**Task**
Apart from pictures, transcribe exactly each line from the one containing "Upstairs, the master" through the final line of the listing below.

**Raw data**
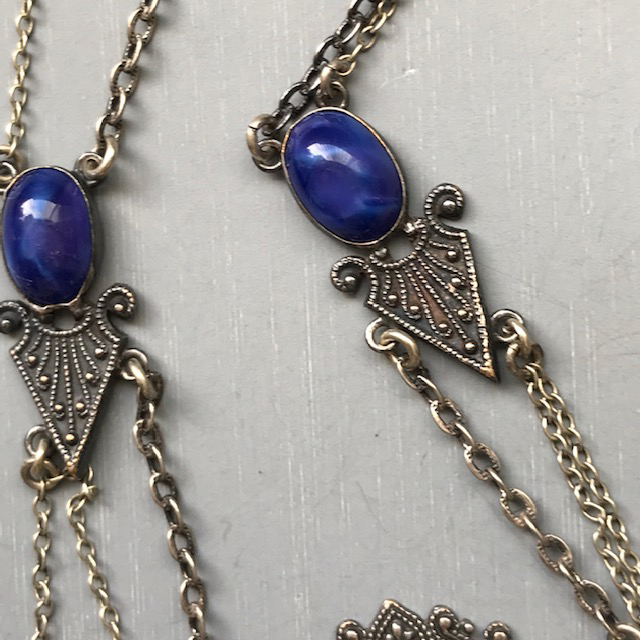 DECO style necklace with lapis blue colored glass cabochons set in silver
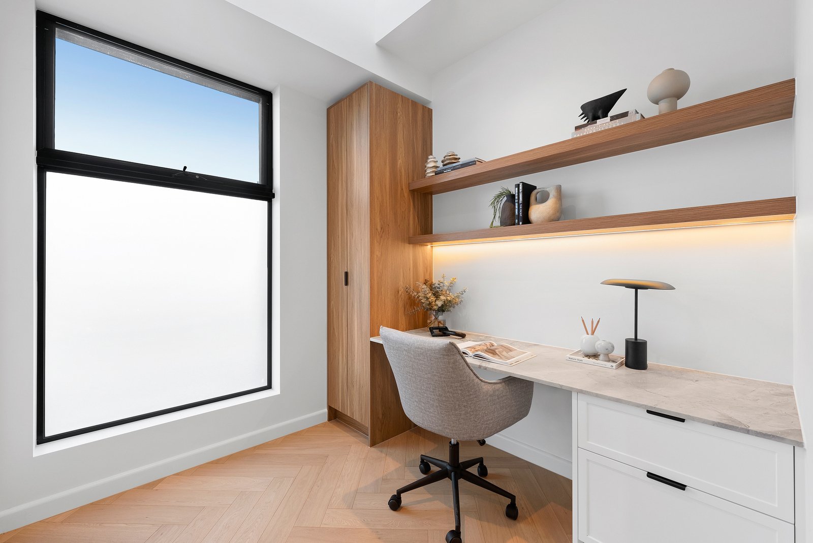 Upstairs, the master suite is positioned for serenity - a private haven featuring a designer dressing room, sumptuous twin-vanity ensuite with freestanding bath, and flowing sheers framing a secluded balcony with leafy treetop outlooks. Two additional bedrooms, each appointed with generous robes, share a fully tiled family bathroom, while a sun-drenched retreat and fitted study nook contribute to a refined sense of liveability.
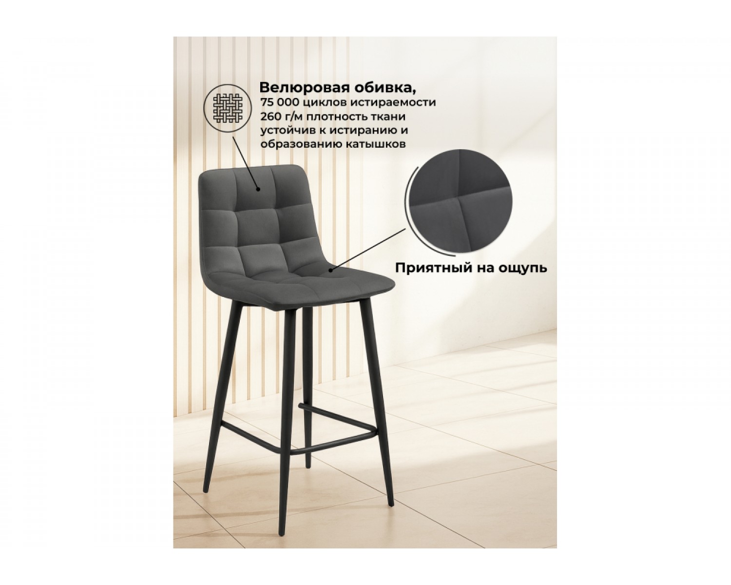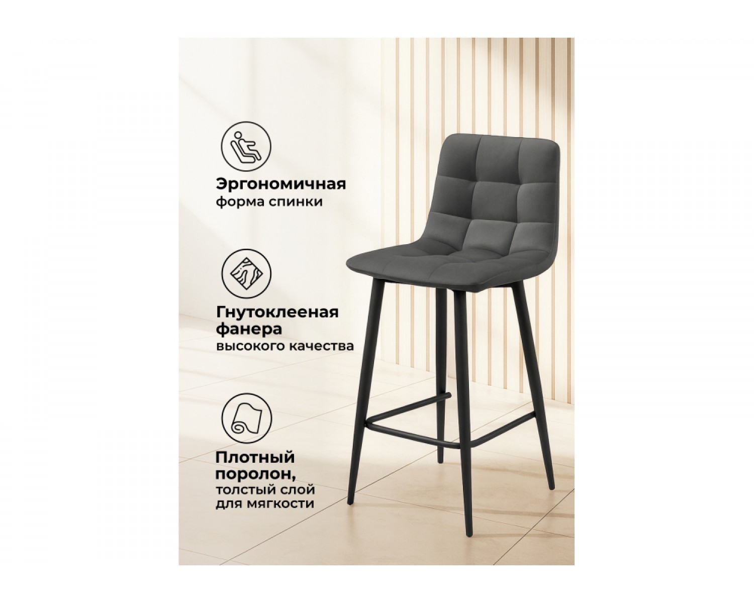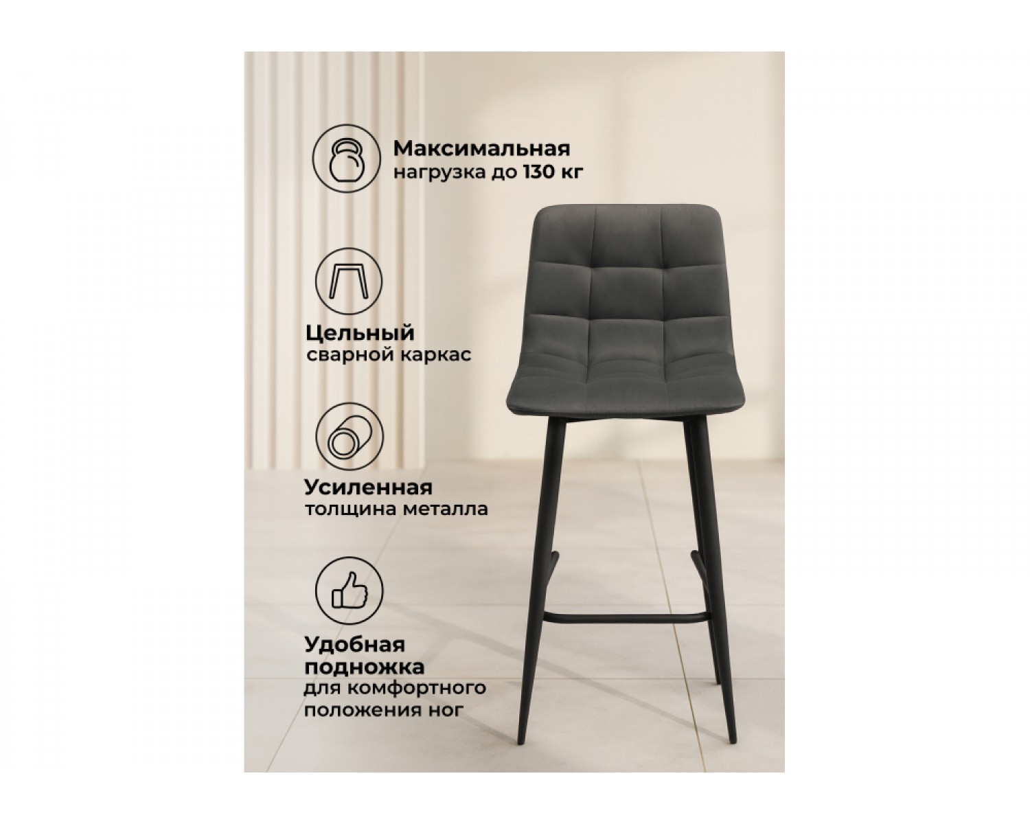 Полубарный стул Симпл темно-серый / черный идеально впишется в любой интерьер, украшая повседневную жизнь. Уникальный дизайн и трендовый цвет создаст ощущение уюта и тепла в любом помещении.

**Completed task**
 Upstairs, the master suite is positioned for serenity - a private haven featuring a designer dressing room, sumptuous twin-vanity ensuite with freestanding bath, and flowing sheers framing a secluded balcony with leafy treetop outlooks. Two additional bedrooms, each appointed with generous robes, share a fully tiled family bathroom, while a sun-drenched retreat and fitted study nook contribute to a refined sense of liveability.
 Полубарный стул Симпл темно-серый / черный идеально впишется в любой интерьер, украшая повседневную жизнь. Уникальный дизайн и трендовый цвет создаст ощущение уюта и тепла в любом помещении.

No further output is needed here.